ASSIGNMENT:
In the records below, the lines between the one holding "These are a" and the one holding "Meet the Director", inclusive, are to be transcribed exactly; no pictures are to be included.

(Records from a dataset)
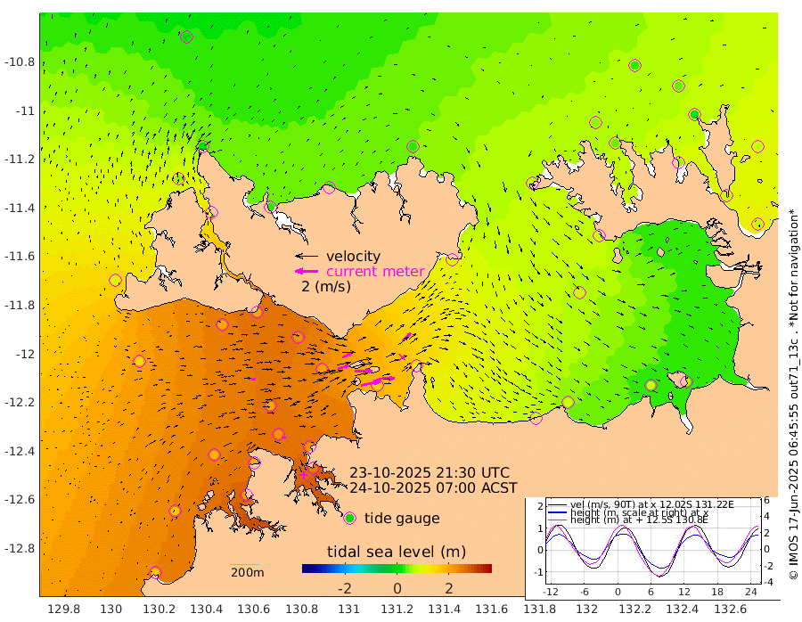 174cm/s 77T +4cm/s rms + 6cm/s 51T. Darwin_C1 52m 138cm/s 89T +4cm/s rms + 7cm/s -161T. Darwin_CW1 22m 99cm/s 74T +4cm/s rms + 8cm/s 61T. Darwin_CW2 34m 94cm/s 44T +3cm/s rms + 9cm/s 98T. Darwin_CW3 22m 155cm/s 89T +5cm/s rms + 7cm/s 88T. Darwin_C3 56m 90cm/s 65T +2cm/s rms + 9cm/s -126T. Darwin_CTbW 22m 37cm/s 83T +1cm/s rms + 1cm/s -47T. DARBGF 30m 35cm/s 105T +4cm/s rms + 3cm/s 80T. NRSDAR 19m 6cm Goodrich Bank 169cm Point Jenny 169cm Native Point 186cm Fish Reef 196cm Tapa Bay 90cm Point Fawcett (Offshore) 213cm Burge Point 192cm Munkunuwa 145cm Beagle A 218cm Parsons Bank 200cm Fenton Patches 207cm Hancox Shoal Area 221cm Nightcliff 241cm Darwin 218cm Charles Point Patches 156cm Glyde Point 91cm Chambers Bay 82cm Point Stuart 124cm Cape Hotham 81cm Christine Reef 81cm West Alligator Head 56cm East Field Island 89cm Two Hills Bay 93cm Camp Point 202cm Medina Inlet South 88cm South Barlow Point 49cm St. Asaph Bay 12cm Cape Van Dieman 28cm Snake Bay 12cm Cache Point 29cm Point Jahleel (Off) 73cm Cape Don 47cm Port Essington 45cm Smith Point - West 43cm NW Peacock Island 29cm North Of Jones Shoal 13cm Peacock Island 70cm Point David 52cm D'urville Point 72cm Copeland Island 69cm One Tree Point
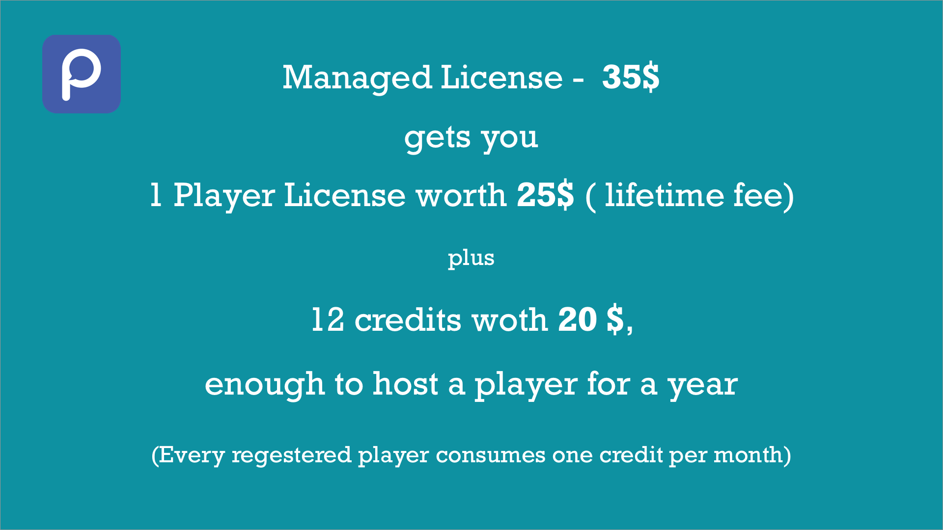 S0 with a managed license now at a special price of 35$ you get 1 player license worth 25$ and 12 credits worth 20$ with which you can manage your player for 12 months.
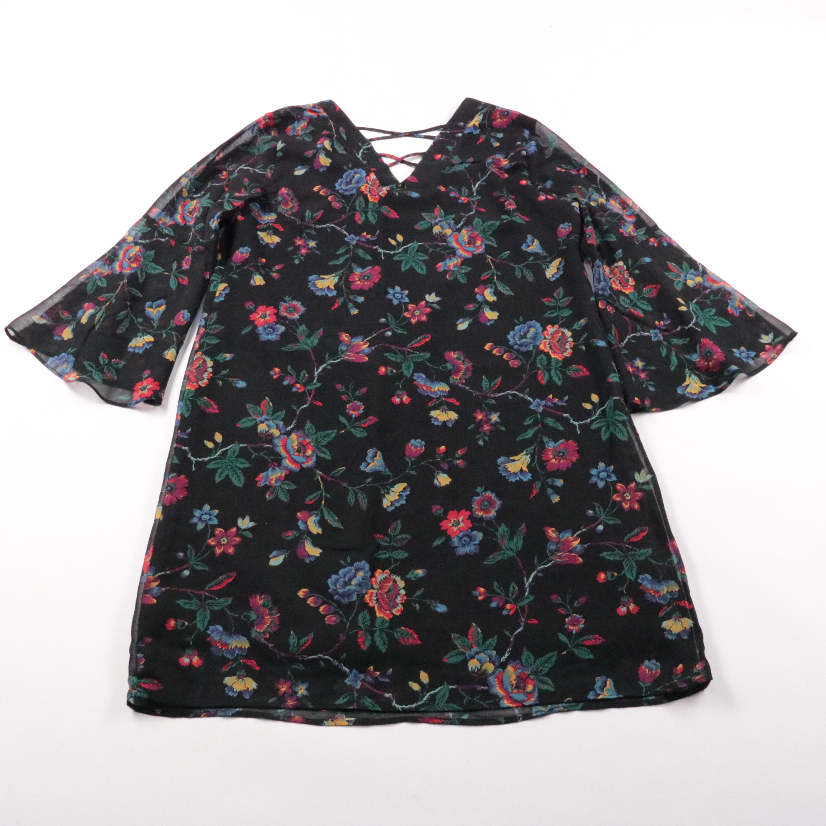 Женская блузка George на чёрной основе с ярким цветочным принтом и V-образным вырезом со шнуровкой. Подойдёт для повседневных образов и офиса с жакетом в тёплое время года. Лёгкая ткань и свободный крой не сковывают движения.
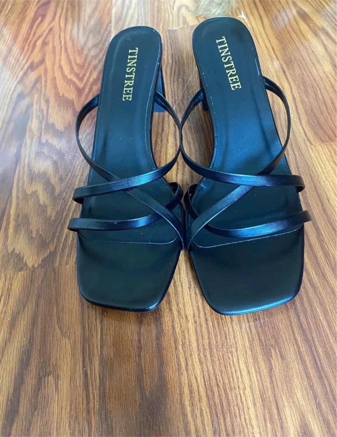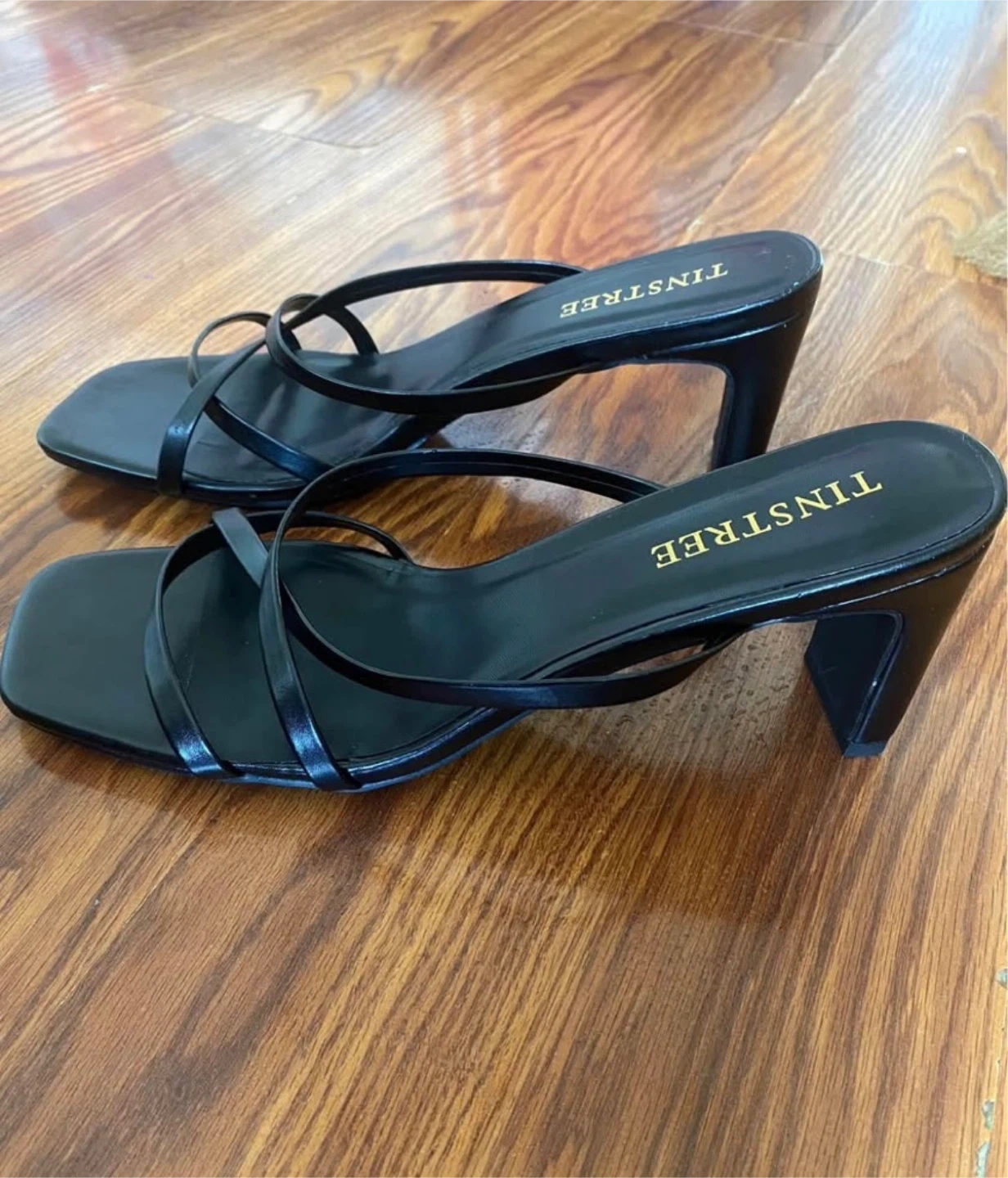 These are a pair of black heeled sandals from Tinstree. They feature a square toe and a strappy design. Perfect for dressing up or down!
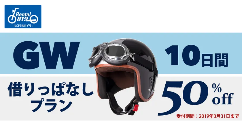 初の10連休に合わせて、レンタル819ではロングツーリングしたいバイカーのために【ゴールデンウィーク10日間 借りっぱなしプラン】を実施。プランの内容は4月26日(金)または4月27日(土)にレンタルスタート、返却は5月6日(月)と利用開始と返却日が固定になります。受付期間は3月31日(日)までが対象となり予約期間の9日間もしくは10日間を、大型割引50%引きで利用できます。予約の際には公式サイトに掲載されているクーポンコードが必要となります。
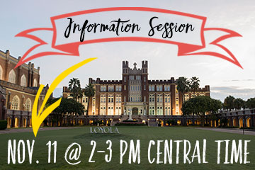 Meet the Director of the Loyola Institute for Ministry and learn about our degrees and certificates in theology and spirituality. They are Catholic, Ignatian, practical, and affordable. Get details on our B.A. in Ministry and Theology and master's degrees in pastoral studies and religious education, and learn more about our community of learners. Those who attend an Information Session and take a graduate or undergraduate class in calendar year 2025 will receive a one-time $500 tuition scholarship in their first semester.
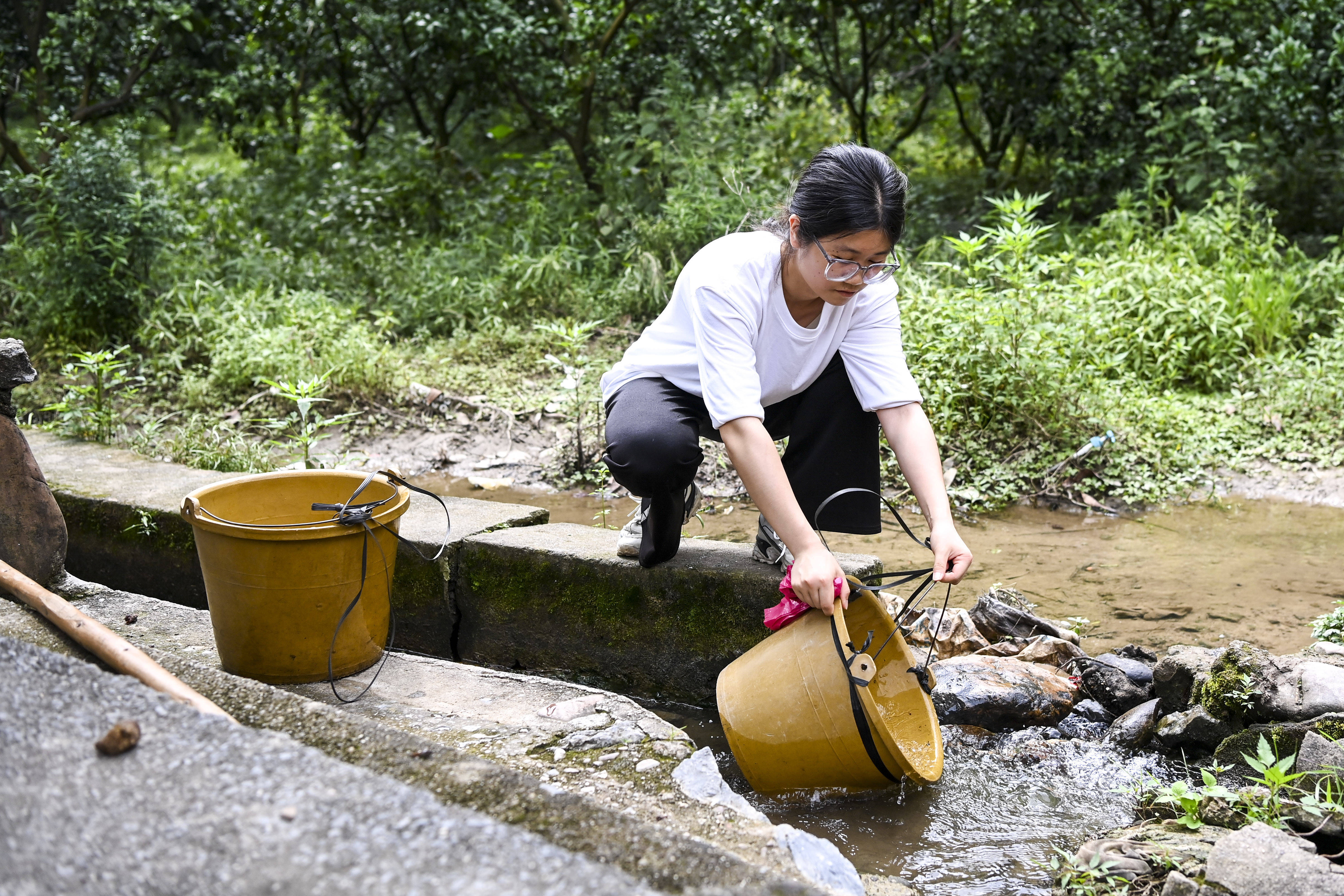 2025年6月13日,刘燕用水桶取水准备给自家菜地浇水。彼时,网上的热度并没有过多影响到刘燕,她每天一如既往地帮妈妈做家务和农活。来到刘燕家的菜地旁,为了避免不必要的干扰,我悄悄蹲在一棵果树下,准备用手中的相机记录下她日常生活的瞬间。
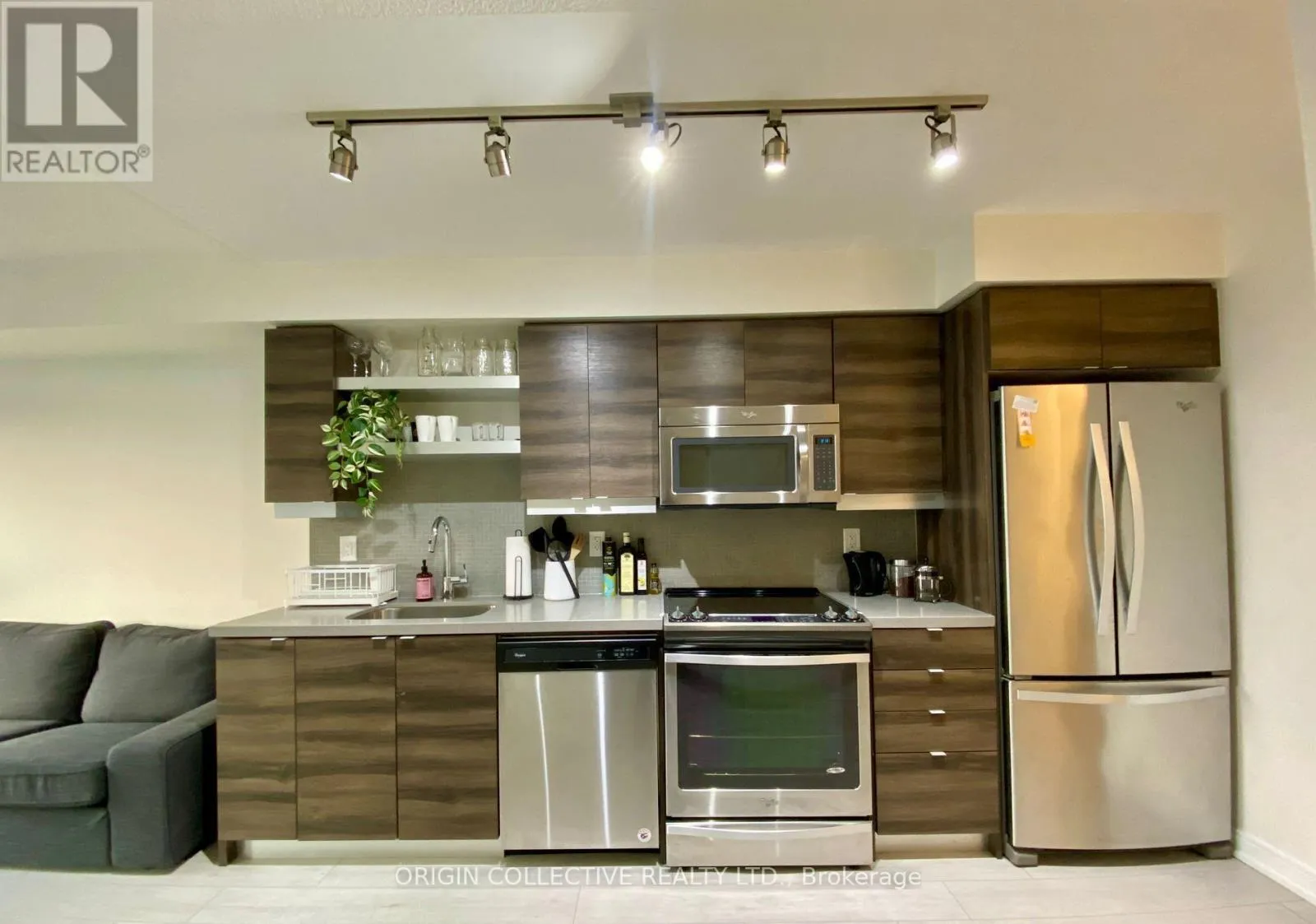 Bathurst And Adelaide St W Rare corner suite at Musée - two exposures, exceptional natural light, and one of the most sought-after layouts in the building. This 1-bedroom + den, 2-bathroom condo spans 721 sq ft with floor-to-ceiling windows, wide-plank hardwood floors, and 9-ft ceilings throughout. The open den works perfectly as a home office or guest nook. The kitchen features dark walnut cabinetry, floating shelves, stone countertops, and a full suite of stainless steel appliances. The primary bedroom includes a private ensuite. Step out from the living room onto your private balcony. Two full bathrooms - a genuine rarity at this price point. One locker included.Resort-style amenities include an outdoor pool, hot tub, rooftop deck with BBQs, fully equipped gym, party room, theatre, and guest suites - with 24-hr concierge. Tucked in the heart of King West, steps to the city's best dining, cafés, and nightlife, with TTC at your door.Available partially furnished - inquire for details. (id:27476)
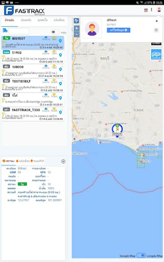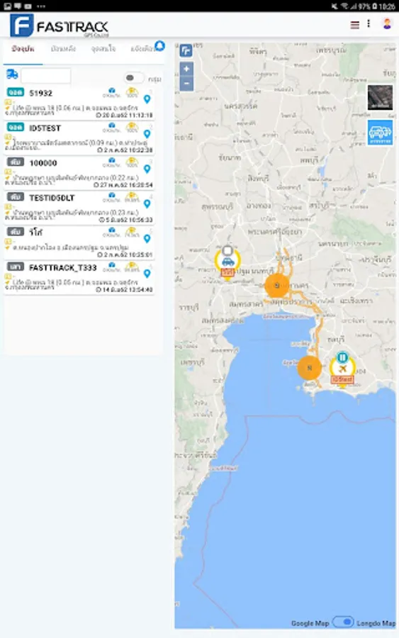 Vehicle Tracking Program Browse Current Position Route back Speeds Engine oil level status, etc. and can also alert the user. Make them aware of events Like a car running out of space Moved The machine is not receiving power Or removing poles, etc. via the screen of the application, Email or SMS.
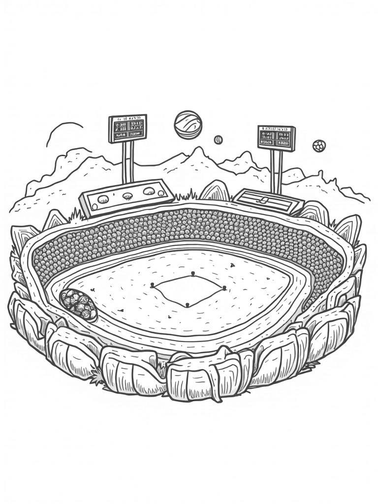 This coloring page showcases a unique sports arena shaped like a giant baseball glove, cradling a bright green field right in the middle. At each end, you’ll see towering goalposts made from intertwined tennis rackets, perfect for all your favorite sports. Floating above the scene are vibrant basketballs, giving the whole picture a fun, lively vibe.
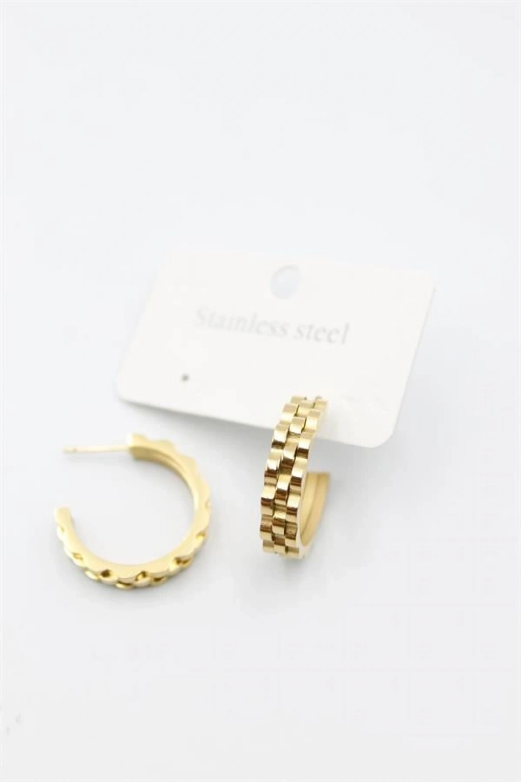 Büyük Baget Taşlı Çelik Küpe - Altın

RESULT BELOW:
 These are a pair of black heeled sandals from Tinstree. They feature a square toe and a strappy design. Perfect for dressing up or down!
 初の10連休に合わせて、レンタル819ではロングツーリングしたいバイカーのために【ゴールデンウィーク10日間 借りっぱなしプラン】を実施。プランの内容は4月26日(金)または4月27日(土)にレンタルスタート、返却は5月6日(月)と利用開始と返却日が固定になります。受付期間は3月31日(日)までが対象となり予約期間の9日間もしくは10日間を、大型割引50%引きで利用できます。予約の際には公式サイトに掲載されているクーポンコードが必要となります。
 Meet the Director of the Loyola Institute for Ministry and learn about our degrees and certificates in theology and spirituality. They are Catholic, Ignatian, practical, and affordable. Get details on our B.A. in Ministry and Theology and master's degrees in pastoral studies and religious education, and learn more about our community of learners. Those who attend an Information Session and take a graduate or undergraduate class in calendar year 2025 will receive a one-time $500 tuition scholarship in their first semester.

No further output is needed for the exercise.